Dataset and Graph Schema

The data was collected using Twitch API. The data needed to be rearranged so that it could fit the idea of graph databases. Here you can find the script that creates .csv files which we'll load into Memgraph. The files which we'll use are: streamers.csv, teams.csv, vips.csv, moderators.csv and chatters.csv. In streamers.csv we can find important information about languages the user speaks and games the user streams. Those two will actually be nodes in our graph database.

Every node except for the :User:Stream has only a name. Stream label is given to the users who have live streams. Followers and view count properties will be important in measuring their popularity. Language, team, and game could be properties on :User:Stream nodes, but since there are many users who speak the same language, belong to the same team, or play the same game, we want them to be connected. Now when we understand the Twitch network better, let's visualize this network by making the whole web application!

Prerequisites

Since we are building a web application using many technologies, we will need to install a few tools before starting:

  • Docker and Compose:
  • Memgraph
    • Make sure to have the latest memgraph/memgraph-mage Docker image: docker pull memgraph/memgraph-mage
  • Node.js
    • We will need Node.js for the npx command which we'll use to create our React app.

Project structure

You can find the whole project here. We'll be referring to it a lot, so you should definitely check it out. In the end, our project structure will look like this:

|   docker-compose.yml
|   
+---backend
|       app.py
|       Dockerfile
|       requirements.txt
|
+---frontend
|   |   .dockerignore
|   |   craco.config.js
|   |   Dockerfile
|   |   package.json
|   |   package-lock.json
|   +---node_modules
|   +---public
|   +---src
|
+---memgraph
|   |   
|   +---import-data
|   |       chatters.csv
|   |       moderators.csv
|   |       streamers.csv
|   |       teams.csv
|   |       vips.csv
|   +---mg_log
|   +---mg_lib
|   +---mg_etc

Now we will step by step build our application from bottom to top.
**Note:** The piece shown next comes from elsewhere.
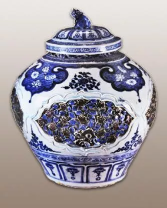 1964年保定市永華南路小學(xué)元代窖藏出土。通高42.3厘米。罐體使用彩繪、鏤雕、堆貼等多種裝飾技法,共有11層紋飾。腹部作四組菱花形開光,開光內(nèi)鏤雕四季花卉和山石,枝葉用青花渲染,花朵和山石用釉里紅涂繪。青花色澤濃艷,釉里紅顏色純正,藍紅輝映,工藝高超,為元代青花瓷器代表作。

First, we have to create the backend and memgraph directories. Within the memgraph directory, we create the import-data subdirectory and move all the CSV files we've scraped to it or we can use files we already have. In the beginning, our project structure looks like this:

|   docker-compose.yml
|   
+---backend
|       app.py
|       Dockerfile
|       requirements.txt
|
+---memgraph
|   |   
|   +---import-data
|   |       chatters.csv
|   |       moderators.csv
|   |       streamers.csv
|   |       teams.csv
|   |       vips.csv

Dockerizing Memgraph and the Backend

We will create a docker-compose.yml file with many services which will depend on one another, so that we can simply run our application using docker-compose build and docker-compose up.

version: "3"
networks:
  app-tier:
    driver: bridge
services:
  memgraph-mage:
    image: memgraph/memgraph-mage
    user: root
    volumes:
      - ./memgraph/import-data:/usr/lib/memgraph/import-data
      - ./memgraph/mg_lib:/var/lib/memgraph
      - ./memgraph/mg_log:/var/log/memgraph
      - ./memgraph/mg_etc:/etc/memgraph
    entrypoint:
      [
        "/usr/lib/memgraph/memgraph",
      ]
    ports:
      - "7687:7687"
    networks:
      - app-tier
  twitch-app:
    build: ./backend
    volumes:
      - ./backend:/app
    ports:
      - "5000:5000"
    environment:
      MG_HOST: memgraph-mage
      MG_PORT: 7687
    depends_on:
      - memgraph-mage
    networks:
      - app-tier

The docker-compose.yml can be a lot simpler, but the app-tier and networks sections will come in handy later. We are building the memgraph-mage service which will have a running Memgraph instance along with MAGE query modules. Next, we need to have volumes to persist our data. In that way, we will have to load data only in the first run. In the subfolder import-data we have all the .csv files which we have to load into Memgraph. We called our backend service twitch-app and this service depends on memgraph-mage. In the backend, we first want to load data into Memgraph, and for this to work, there should be a running Memgraph instance. Our backend will be running on port 5000. Now let's take a look at the backend Dockerfile.

FROM python:3.8

# Install CMake
RUN apt-get update && \
  apt-get --yes install cmake && \
  rm -rf /var/lib/apt/lists/*

# Install packages
COPY requirements.txt ./
RUN pip3 install -r requirements.txt

COPY app.py /app/app.py
WORKDIR /app

ENV FLASK_ENV=development
ENV LC_ALL=C.UTF-8
ENV LANG=C.UTF-8

ENTRYPOINT ["python3", "app.py", "--populate"]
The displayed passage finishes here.